1911 International Lawn Tennis Challenge

Details
- Duration: 9 September 1911 – 3 January 1912
- Edition: 10th
- Teams: 3

Champion
- Winning nation: Australasia

= 1911 International Lawn Tennis Challenge =

1911 edition of the International Lawn Tennis Challenge

The 1911 International Lawn Tennis Challenge was the tenth edition of what is now known as the Davis Cup, named after the American tennis player Dwight F. Davis. After no country decided to challenge Australasia in 1910, only the British Isles and the United States would challenge for the Cup, for the third straight edition. Also for the third straight edition, the Americans would beat the British to earn the right to play for the Cup, and for the third straight edition, the Aussies would beat the Americans for the title.
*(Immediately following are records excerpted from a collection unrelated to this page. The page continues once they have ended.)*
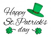 Szczęśliwy St. Patrick's Day. Kobold koniczyna kapelusz i zielony liści. Świąteczny baner, karty z pozdrowieniami. Projektowania typografii. Ilustracja wektorowa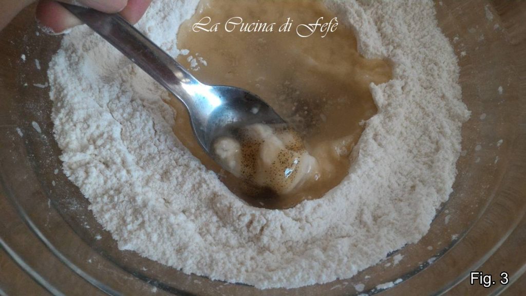Dans un bol, mélangez les poudres, c’est-à-dire l’érythritol avec la farine et la levure préalablement tamisées et une pincée de sel (fig. 1).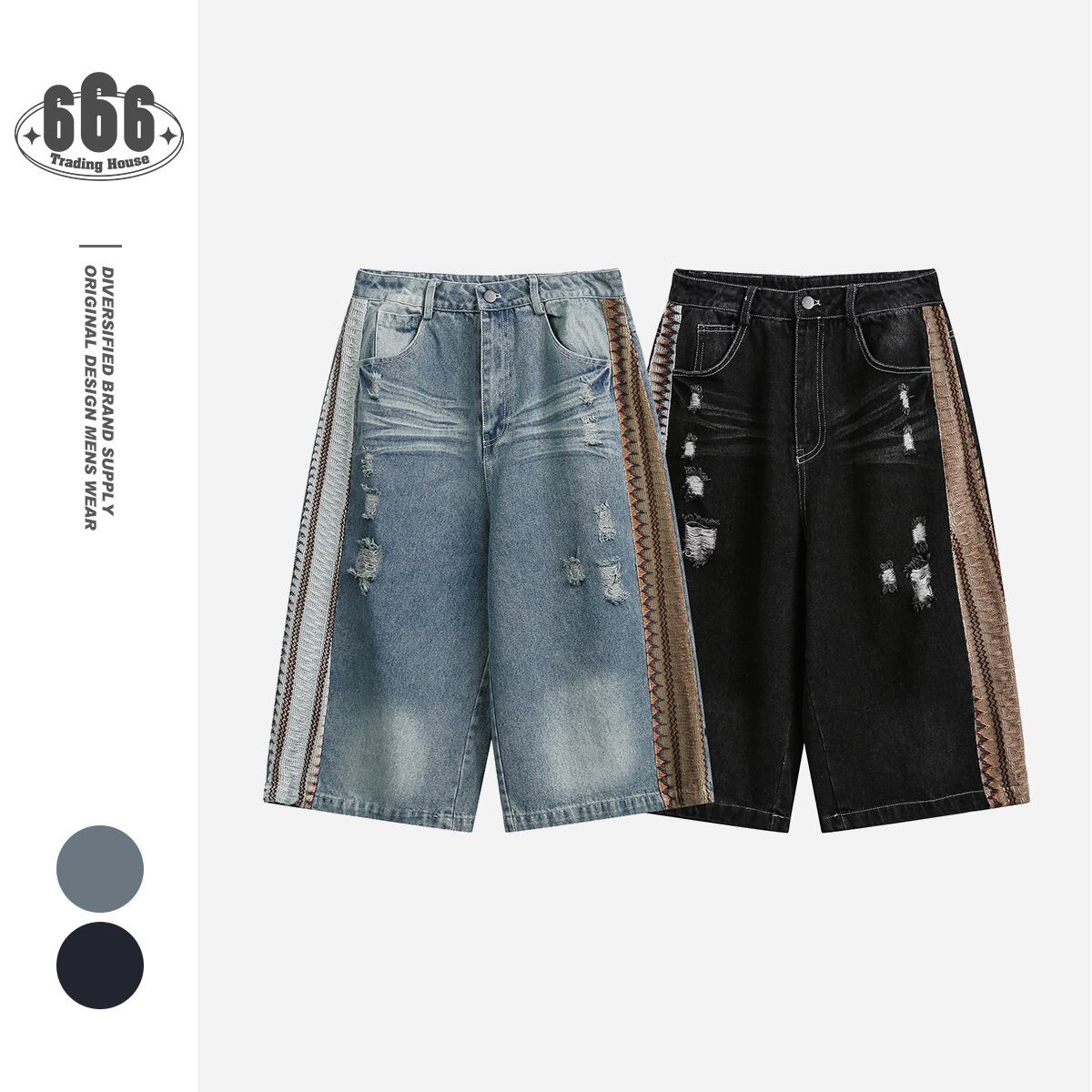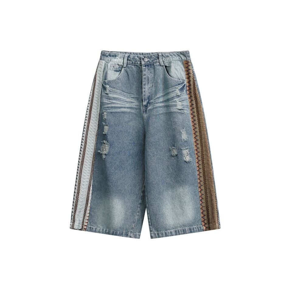 デニム ジーンズ ワイド 2025春夏新作 ボトムス ハーフパンツ メンズ カジュアル ダメージ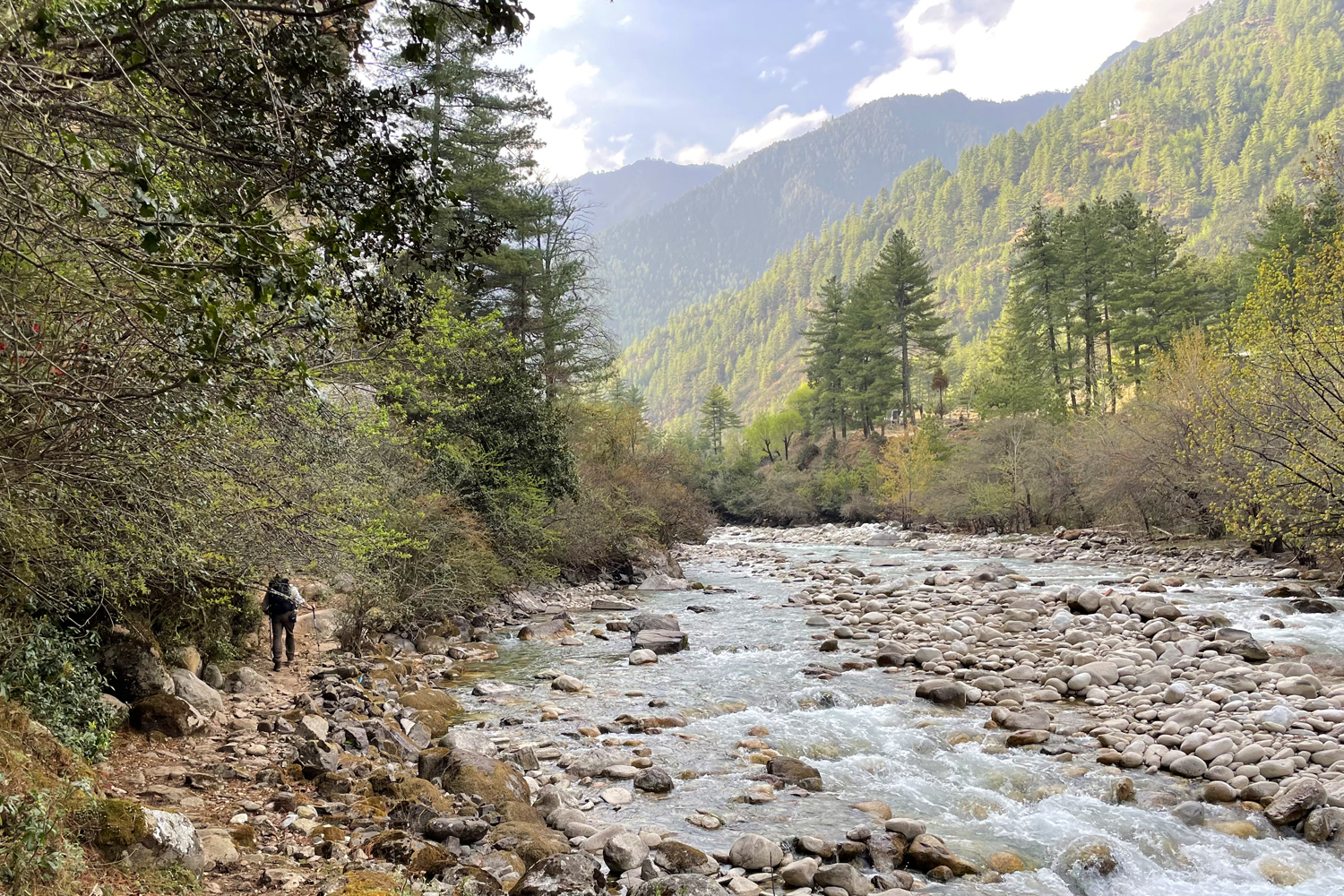 This is quite a big day! You wind up the gigantic gorge, sometimes with vertical cliffs, mostly with deep dark forest, the river rushing by in a nonstop series of rapids. There are quite a few bridges to cross, some new girder bridges, some old cantilever wooden ones. There are one or two places where it looks as if you could take ‘shortcuts’ - but this is not to be recommended. Sometimes the trail climbs high above the river, and parts of the path are stony and necessitate boulder hopping. You may be advised by your Bhutanese guide to walk with a companion on this section as there are still bears in this area. You pass a junction en route, where another trail leads north over the Tremo La to Tibet. Spencer Chapman crossed the Tremo La in 1937 on his way to climb Chomolhari from Tibet.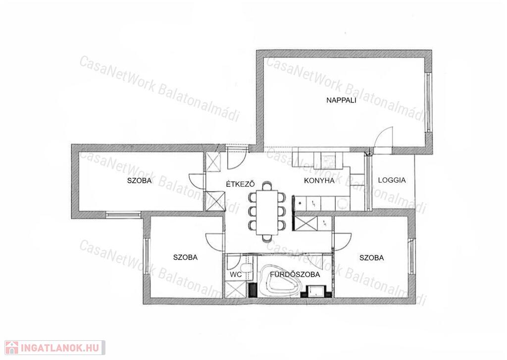- Ideális kialakítású terek: napfényes nappali, összeköttetésben a konyha-étkezővel, három hálószoba, fürdőszoba, toalett és loggia

For the first time, however, teams were allowed to use substitute players in dead rubbers, with the United States playing Maurice McLoughlin in singles after Australasia had clinched the final. The final also marked the first time a tie was played in New Zealand, when it was played at Lancaster Park in Christchurch. Anthony Wilding, whose home city was Christchurch, and Australian Norman Brookes won the 1907 tournament for Australasia. With Wilding being absent in Europe for the 1911 competition, the chances of the Australasian team were weakened.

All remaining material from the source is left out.